In 2014, trade volume between the two countries had reached a whooping USD 18.1 billion, thus, making Nigeria China's third largest export destination in Africa, after South Africa and Angola. Nigeria-China trade cooled to USD 14.94 billion and USD 13 billion in 2015 and 2016, respectively. Latest trade data has shown further deterioration in trade between the two countries.
According to the National Bureau of Statistics, between 2013 and 2016, Nigeria's trade deficit with China was USD 16.9 billion. Although the balance of trade is skewed in favour of China, Nigeria-China trade accounts for 8.3% of China's total trade with Africa, and 42% of China's trade with the Economic Community of West African States (ECOWAS).
During a state visit to China in 2016, Nigerian President, Muhammadu Buhari, while acknowledging the tremendous successes in bilateral trade between Nigeria and China, reiterated the large gap in trade in favour of China. The challenge is how to substantially reduce the deficit.
Mitigating the Trade Imbalance
Solving Nigeria's trade deficit with China would have to go beyond rhetoric and diplomatic meetings. In fact, much of the solutions lie with Nigeria, although not without commitments from China. There are four key factors that need to be addressed.
First, Nigeria must address its problem of industrialization. Industrialization is a sine-qua-non for development and favourable balance of trade. Highly industrialised countries have undue advantage over their less industrialised counterparts in the area of trade. Lack of industrialisation has perpetually kept developing countries underdeveloped and with diminished living standards.
Lack of industrialisation is what has perpetually kept Nigeria as an exporter of commodities and importer of manufactured goods from China. Hence, the resulting trade deficit. For Nigeria to improve its balance of trade with China, it must focus on increasing its technology adoption and industrialisation. In other words, Nigeria needs to cut down its dependency on importation of manufactured goods from China and other more industrialised nations.

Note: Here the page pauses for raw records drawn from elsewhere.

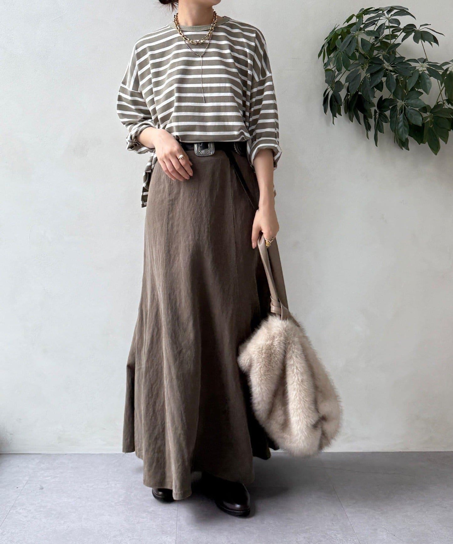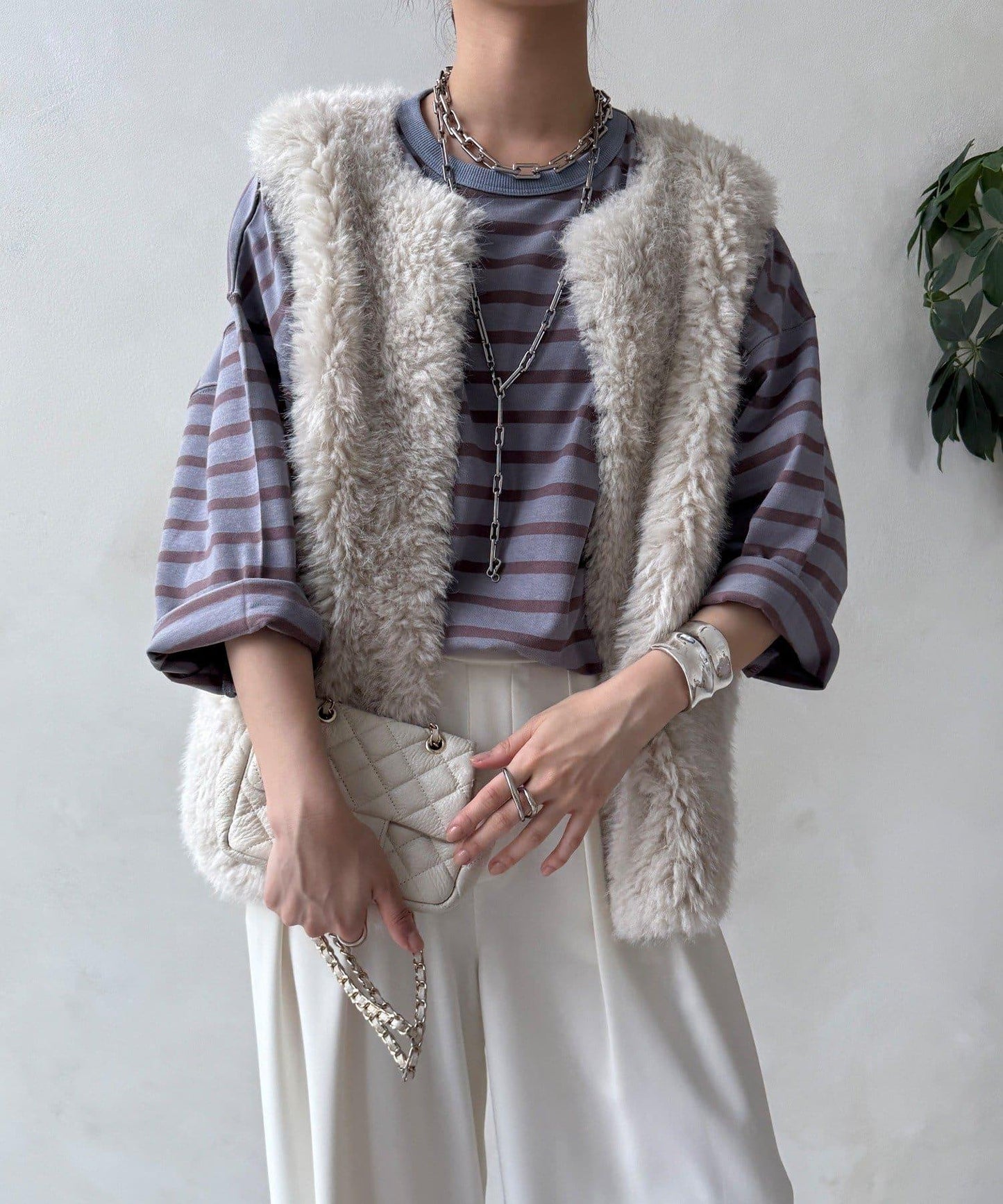 不太開放的領口給人優雅的印象。與配飾也很搭。
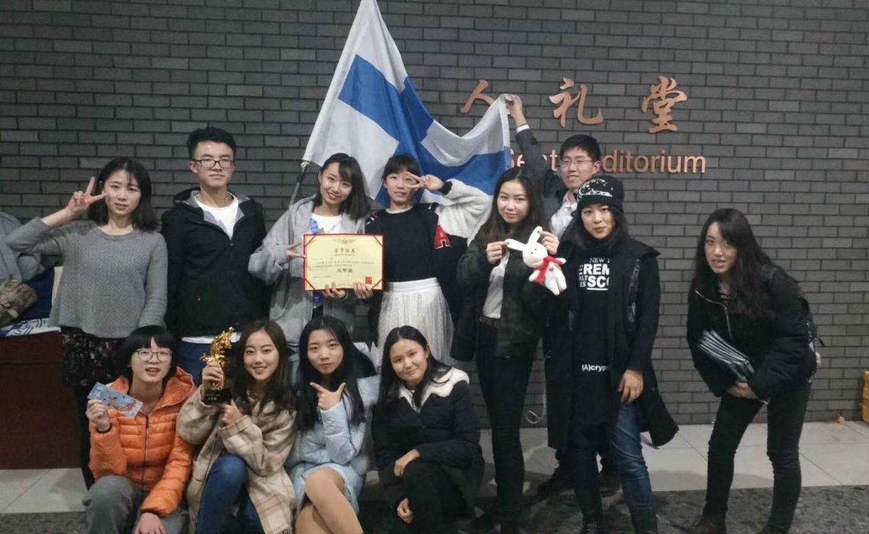 芬兰语班班长 林靖然:“新风大赛一路走来,全班同学已经一起经历了太多太多,这段回忆有欢笑也有泪水、有成就也有辛劳。但正是我们共同经历的一切,使得我们之间结下了更深的情谊,这份情谊将陪伴我们走过大学四年——乃至我们的一生。感谢帮助过芬兰语班的每一位老师同学和学长学姐!”
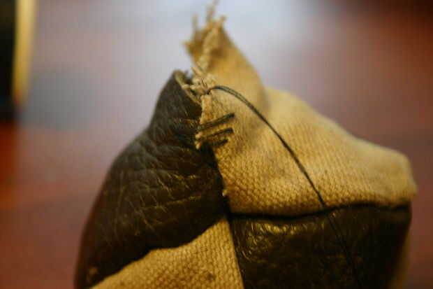Finalmente, enhebrar el hilo extra a través de la aguja y meter en la costura y vuelve a salir la mitad de uno de los paneles. Tensar el hilo extra (por lo que abre el panel) y luego la cortar el. Entonces, Naciones Unidas-fruncir el panel y los hilos de rosca serán enterrado dentro de la bolsa donde no sean visibles.
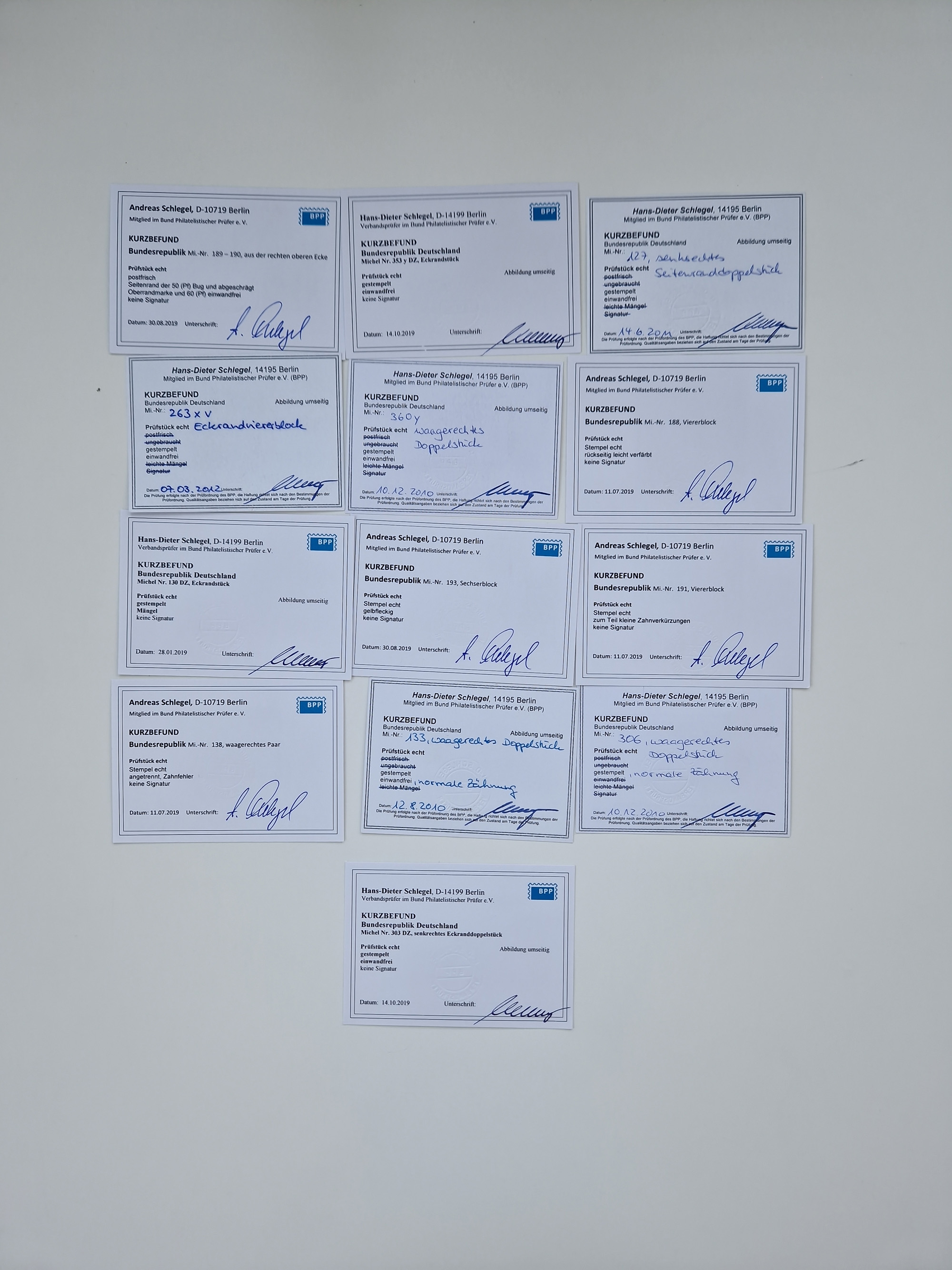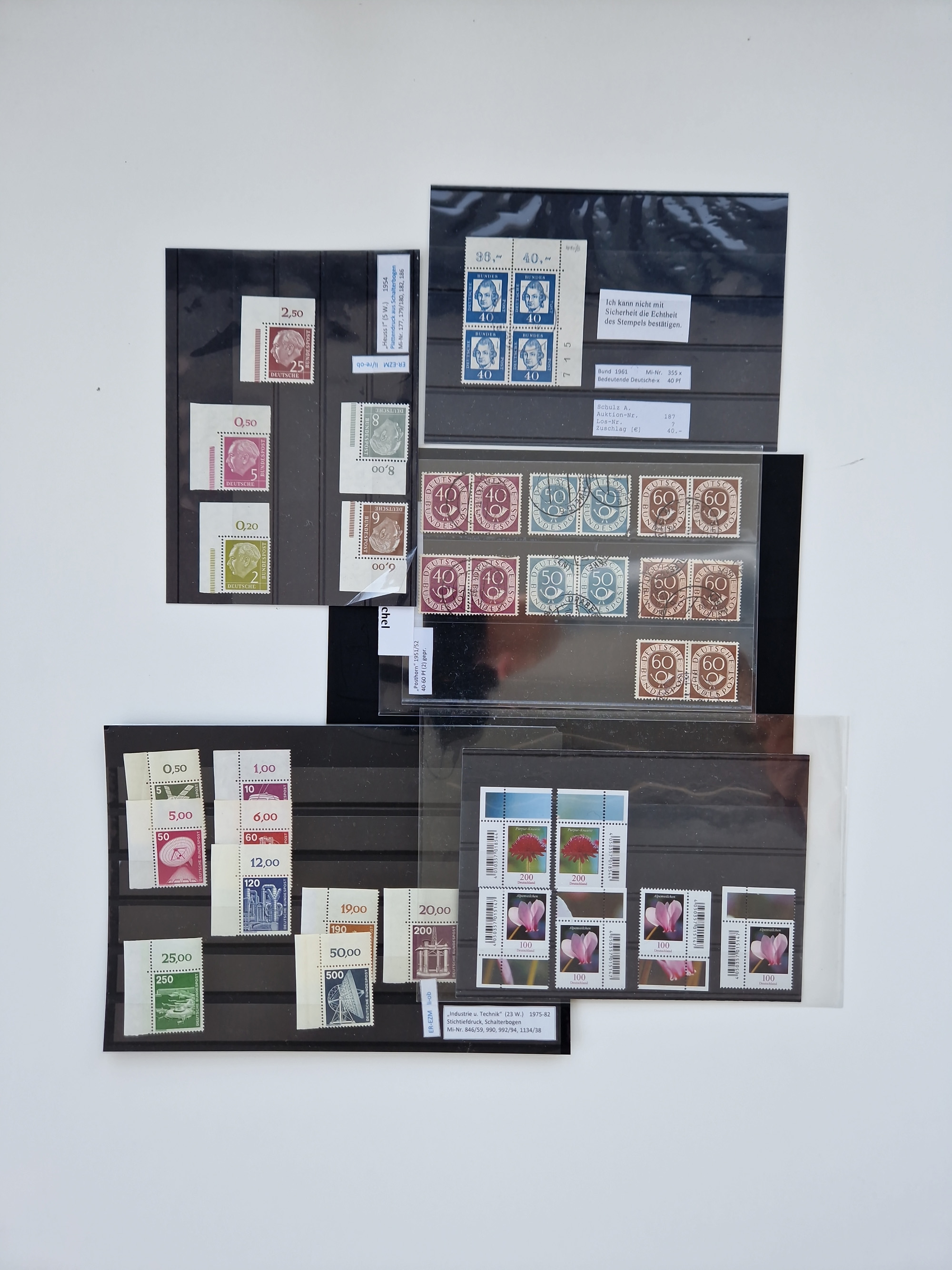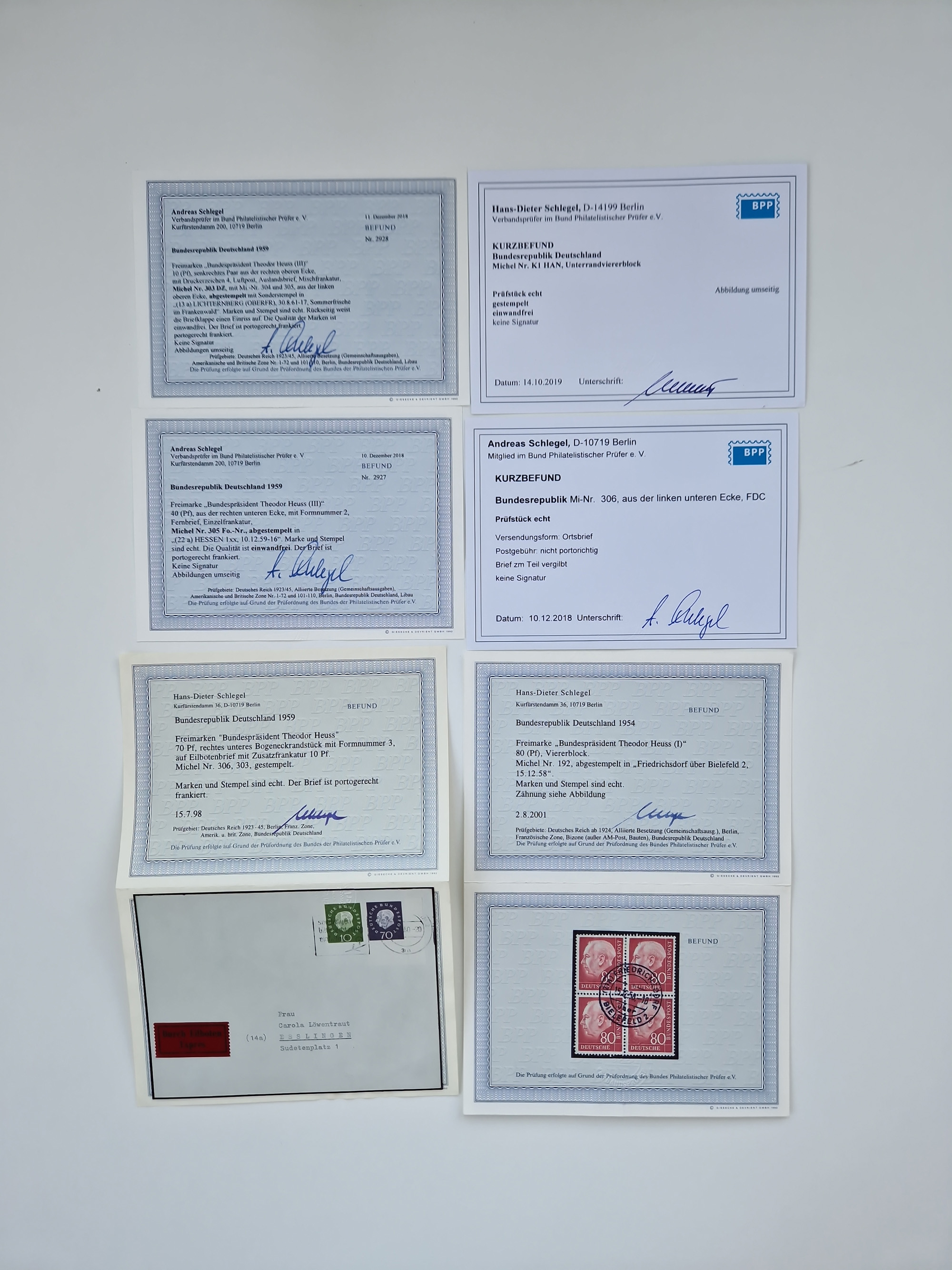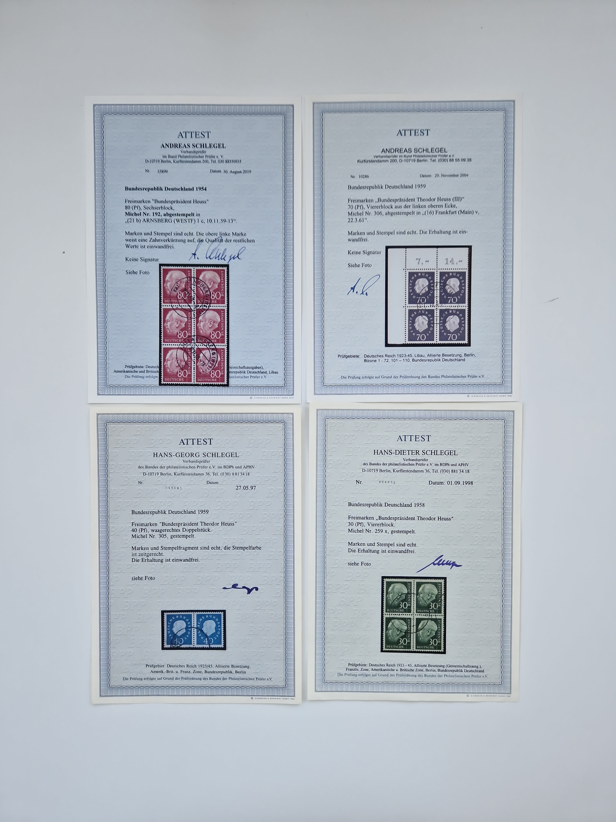 1951/2023, reichhaltiger postfrischer/ungebrauchter und gestempelter Sammlungsbestand mit Viererblocks, Bogenecken, Oberrandstücken, Fo.-Nr., Pl.-Nr., waagerechten Paaren ab Posthorn, dabei u.a. Posthorn in Viererblocks ohne 25, 70 und 80 Pfg. kpl., (90 Pfg. FA Schlegel BPP), sowie in waagerechten Paaren bis auf 80 Pfg. kpl., Mi.-Nr. 191 und 192 in 6er-Blocks, 259x 4er-Bl., 305 waagr. Paar, 306 Eckr.-4er-Bl., Heuss teils in 4er, 6er und 10er-Blocks, Heuss Lumogen Eckrand-4er-Blocksatz postfrisch, Bedeutende Deutsche ZD, etc. etc., sowie einige Briefe mit interessanten MeF, Einheiten und FDC, etliches mehrfach und teils auf Loskarten, vieles signiert sowie 4 Atteste und 58 (Kurz-)Befunde Schlegel BPP, gute Erhaltung, in zwei Kartons
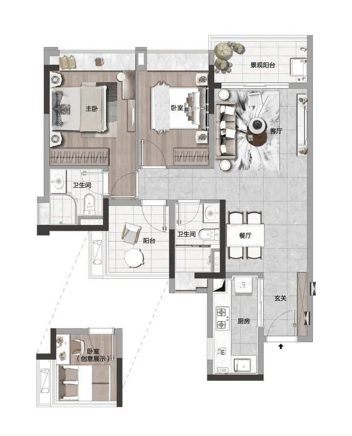 C户型建面约106㎡,D户型建面约107㎡,均为创意四房两厅两卫。这两款户型空间开阔,布局方正,能够满足多人口家庭的居住需求。客厅宽敞明亮,与餐厅相连,形成通透的公共活动空间,适合家庭聚会与日常休闲。卧室空间充足,采光通风良好,每间卧室都配备了充足的收纳空间。厨房采用U型设计,操作空间充足,动线合理,让烹饪更加便捷。
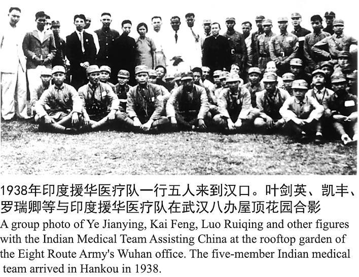 1938年,印度援华医疗队一行来到汉口,叶剑英、凯丰、罗瑞卿等人和他们在八路军武汉办事处屋顶花园合影。 (资料图片)
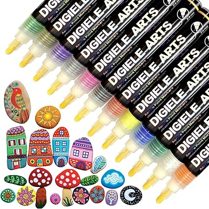 Rotuladores De Pintura Acrilico Para Piedras Digiele 12 Colores Permanente Marcadores Dibujar En Ceramica Metal Plastico Porcelana Tazas Diy Art Set De Marcadores De Regalo Para Ninos Amazon Es Oficina Y Papeleria

The second factor entails escaping the commodity trap. Nigeria only exports about 10 percent of its manufactured goods as against 90 percent of crude oil and other raw materials. The ramification of this is two-fold. First, any negative fluctuation in the prices of the commodities at the international markets would drastically affect Nigeria's trade balance, not just with China, but also with some of its trading partners. Second, if a country is not buying much of Nigeria's oil, this would affect Nigeria's trade balance with that country. This is the case with Nigeria-China trade. China's crude oil import from Nigeria has been negligible. It accounted for 2% of Nigeria's total crude oil export in 2014 and 3% in 2015. What the Nigerian government should do is to diversify its economy to boost exports.
A third critical factor to be addressed is the lack of productive infrastructure in Nigeria. According to the World Bank's Ease of Doing Business Report 2018, part of the reason Nigeria ranks 145th out of 190 countries is the country's huge infrastructural deficit. Infrastructure is critical for business to thrive.
For Nigeria to benefit from international trade and to bring its trade deficit with China to a minimum, the country must revamp its infrastructure, especially its railways, roads and aviation networks. This will provide easy accessibility to areas of production and markets.
The fourth and final factor that needs to be addressed to improve Nigeria's balance of trade with China is for the Chinese government to declare its readiness to encourage Chinese companies to "outsource and off-shore" to Nigeria.
Conclusion
Trade remains a core interest of many countries and by far an exceptional external condition for economic growth and development. For Nigeria to curtail its trade disparity with China and to further maximize the benefits of international trade for economic development, the Nigerian government must do the needful. It must move away from the commodity trap, industrialize, build its infrastructure and make its trade policies with China and other countries a core interest of the state.
The country also needs astute policies to guide all its engagements in international relations.